Re:  Second Appeal – Office of Coastal Protection and Restoration, PA ID 000-UTFMG-00, FEMA-4080-DR-LA, Project Worksheet (PW) 1571 – Beaches – Direct Result of the Disaster – Legal Responsibility – Other Federal Agency – Sand Replacement

Dear Mr. Waskom:

This is in response to a letter from your office dated December 10, 2015, which transmitted the referenced second appeal on behalf of Office of Coastal Protection and Restoration (Applicant).  The Applicant is appealing the Department of Homeland Security’s Federal Emergency Management Agency’s (FEMA) denial of funding in the amount of $18,392,881.25 for costs associated with beach and dune fill replacement.

As explained in the enclosed analysis, I have determined that the Applicant has failed to demonstrate that the Louisiana coastal barrier islands are an eligible facility; and more specifically, has not demonstrated that the barrier island at issue is an improved and maintained natural feature.  Further, Public Assistance funding is precluded because the Coastal Wetlands Planning, Protection and Restoration Act of 1990 creates an ongoing Federal program to specifically address the environmental restoration of Louisiana’s barrier islands.  Accordingly, I am denying this appeal. 

Please inform the Applicant of my decision.  This determination is the final decision on this matter pursuant to 44 C.F.R. § 206.206, Appeals.

Sincerely,

/s/

Alex Amparo
Assistant Administrator
Recovery Directorate                                                            

Enclosure

cc:  George A. Robinson
      Regional Administrator
      FEMA Region VI

 

Appeal Analysis

Background

Severe storm surge from Hurricane Isaac during the incident period August 26 to September 10, 2012 caused damage to a beach and dunes on a barrier island that had been modified by the Timbalier Island Dune/Marsh Restoration Project (TE-40).  TE-40 was completed in 2004 under the authority of the Coastal Wetlands Planning, Protection and Restoration Act of 1990 (CWPPRA).[1]  State responsibilities for TE-40 were transferred from the Office of Coastal Restoration and Management within the Louisiana Department of Natural Resources (DNR) to the Coastal Protection and Restoration Authority (CPRA) (Applicant) in 2009.[2]
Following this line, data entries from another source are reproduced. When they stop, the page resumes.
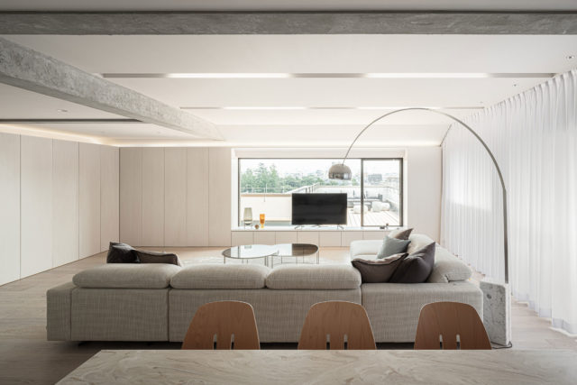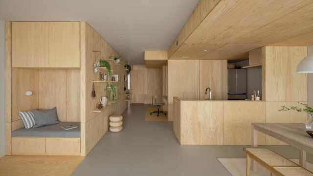 SHARE 芦沢啓治建築設計事務所+ノームアーキテクツによる、東京の、集合住宅の一住戸の改修「Azabu Residence」。カリモクケーススタディとして、内装と家具類をフラットに捉えデザインし完成後に販売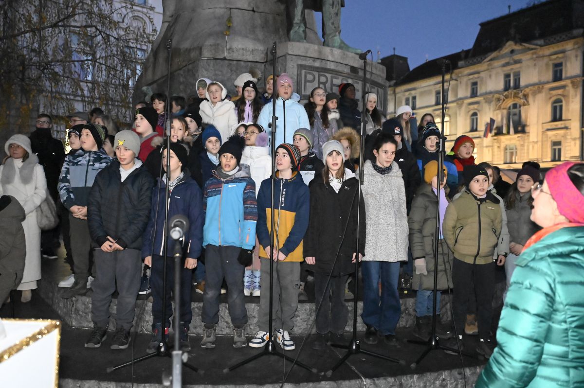 Množica otrok in odraslih zijal je popoldne dodobra napolnila Prešernov trg v prestolnici, kjer se je odvilo praznovanje ob prižigu luči.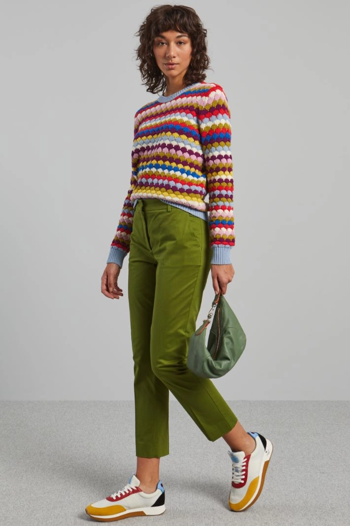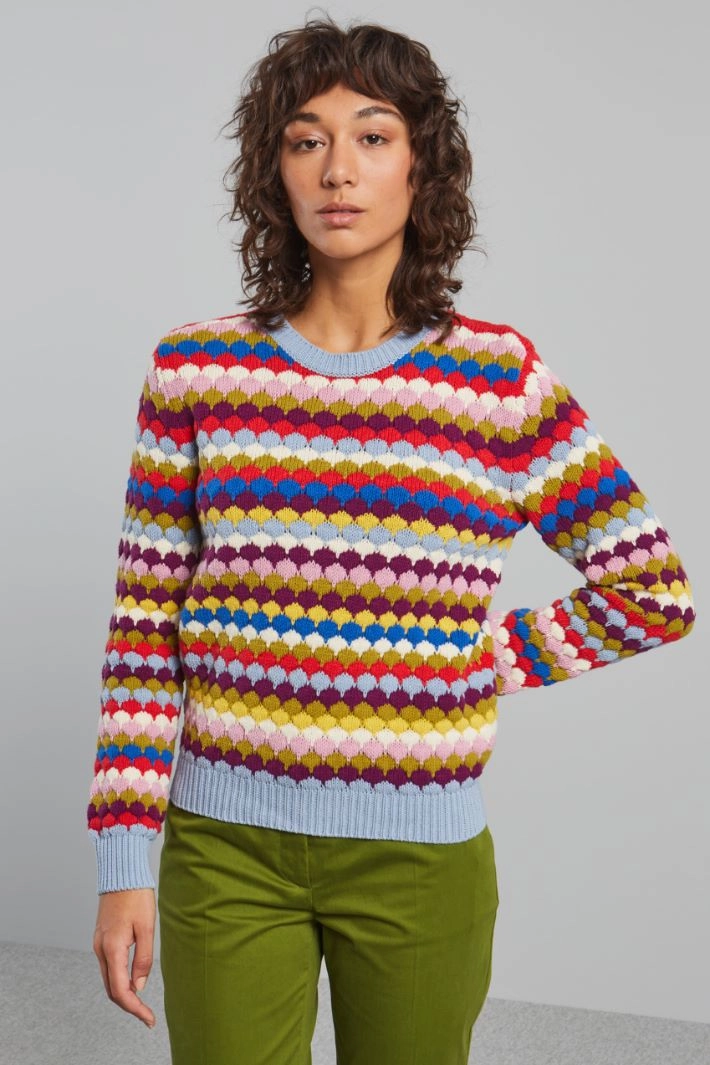 Regular-fit sweater in cotton blend yarn, with fan stitch, crew neck, long sleeves and ribbed trims.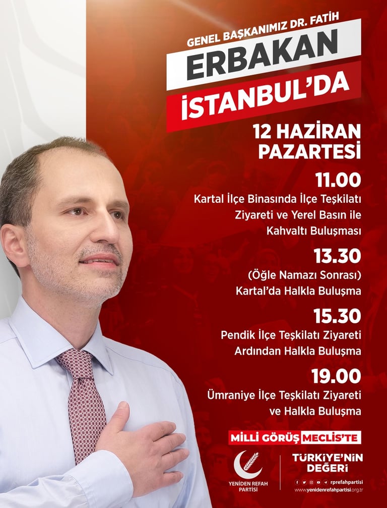 Genel Başkanımız Dr. Fatih Erbakan, yarın İstanbul 1. Bölge’de halkımıza ve teşkilatlarımıza teşekkür ziyaretlerini gerçekleştirecektir.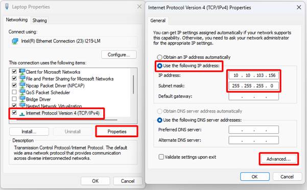 - Leave Default Gateway and DNS fields empty unless otherwise specified
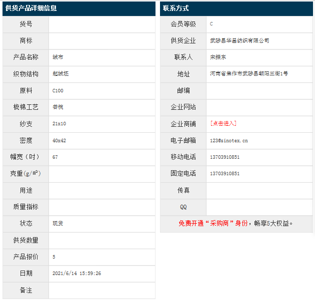 6月14日,武陟縣華昌紡織有限公司純棉絨布C100 21x10 40x42 67",報價為5元/米,實際成交價以協(xié)商為準。[點擊查看詳情]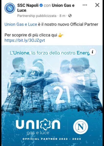 Una partnership, quella con la SSC Napoli che proietta Union Gas e Luce in un contesto internazionale.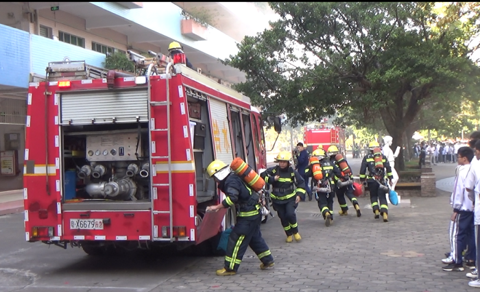 上午9時15分,煙幕彈突然爆炸,煙霧彌漫整個校園,緊急刺耳的警報聲立即響起,全體師生和教職員工迅速按照設(shè)定的逃生路線撤離課室。學生們個個嚴肅緊張,向緊急疏散場所——中心廣場集結(jié)。各樓梯口負責引導的老師,按照消防演練方案疏散學生,保證樓內(nèi)每個學生迅速有序“逃生”,以免在慌亂中出現(xiàn)踩踏以及滯留課室的情況。緊接著兩臺消防車呼嘯而來,快速到達“火災”現(xiàn)場。消防人員快速穿好裝備,帶上救援設(shè)備,冒著滾滾白煙,沖進“火場”進行緊急施救。班主任快速清點并上報各班人數(shù)。整個疏散演練過程從報警到撤離到安全地帶,按規(guī)定時間完成了疏散演練。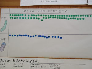 そして、収穫する時には「いくつ野菜がとれるかな?」の表にシールを貼ることで目で見てとれた野菜の数を数えることも知りました。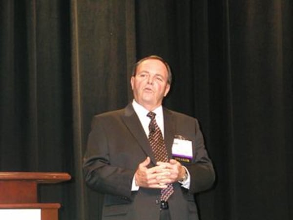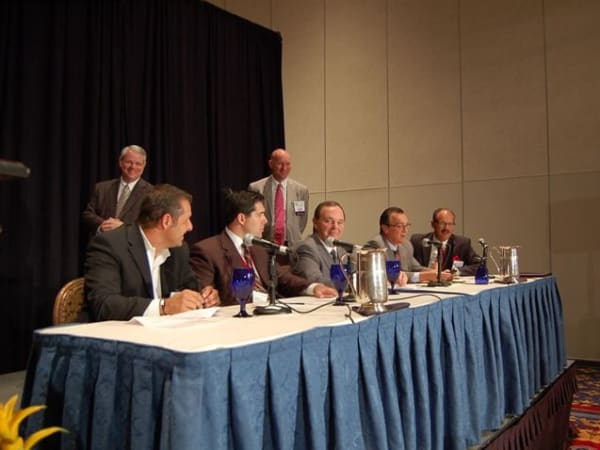 Building Value in Today's F&I Presentations panel session (left to right): (moderator) Rick McCormick, Reahard and Associates; Patrick DeMarco, Ristken Software Services; Jim Maxim Jr., MaximTrak Technologies; (emcee) Tony Dupaquier, American Financial & Automotive Services; Ron Martin, The Vision of F&I, "Mad" Marv Eleazer, <i>F&I</i> columnist.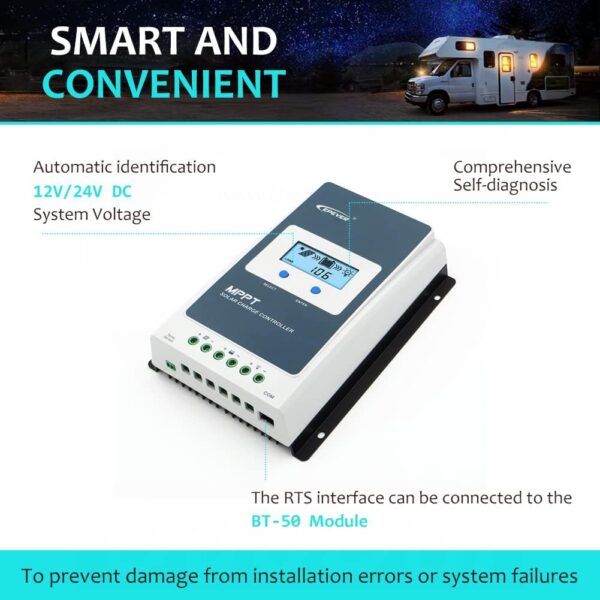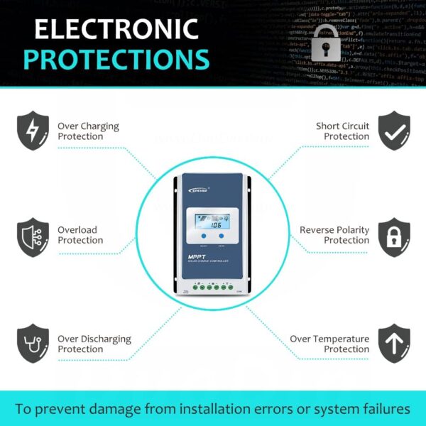 • This controller uses the most advanced MPPT technology to ensure high efficiency (>98%) of your solar system. Significantly outperforms standard PWM controllers. Ultra-fast tracking speed and guaranteed tracking efficiency, advanced MPPT control algorithm to minimize the maximum power point loss rate and loss time.

FEMA prepared Project Worksheet (PW) 1571, Category G to document replacement of approximately 745,847 cubic yards of beach and dune fill.  FEMA found that $18,392,881.25 in beach and dune fill replacement was ineligible because (1) funding to repair TE-40 is the responsibility of another federal agency;[3] and (2) the Applicant did not demonstrate the improved beach, dunes, and vegetative plantings were regularly maintained.[4]

First Appeal

The Applicant appealed FEMA’s determination on January 31, 2014.  The Applicant argued that: (1) the work is eligible because there is no specific authority under the CWPPRA to repair the damages in question; (2) FEMA’s denial of eligibility on the basis of another federal agency’s legal authority is contrary to Section 312 of the Robert T. Stafford Disaster Relief and Emergency Assistance Act (Stafford Act) and FEMA’s regulations and policies; and (3) a maintenance plan should not be essential for eligibility because TE-40 does not require routine maintenance to function as designed, or FEMA should recognize inspection reports as sufficient to establish pre-disaster condition.[5] 

The State of Louisiana Governor’s Office of Homeland Security and Emergency Preparedness (Grantee) transmitted the first appeal on April 3, 2014.  The Grantee argued that: the Environmental Protection Agency (EPA) was the sponsor of the TE-40 project, not its funding source; the work is eligible according to Disaster Assistance Fact Sheet DAP9580.8, Eligible Sand Replacement on Public Beaches (DAP9580.8); and FEMA should consult with the U.S. Fish and Wildlife Service (USFWS) pursuant to the Coastal Barrier Resource Act (CBRA) requirements, to determine if the work falls under the agency’s authority.[6]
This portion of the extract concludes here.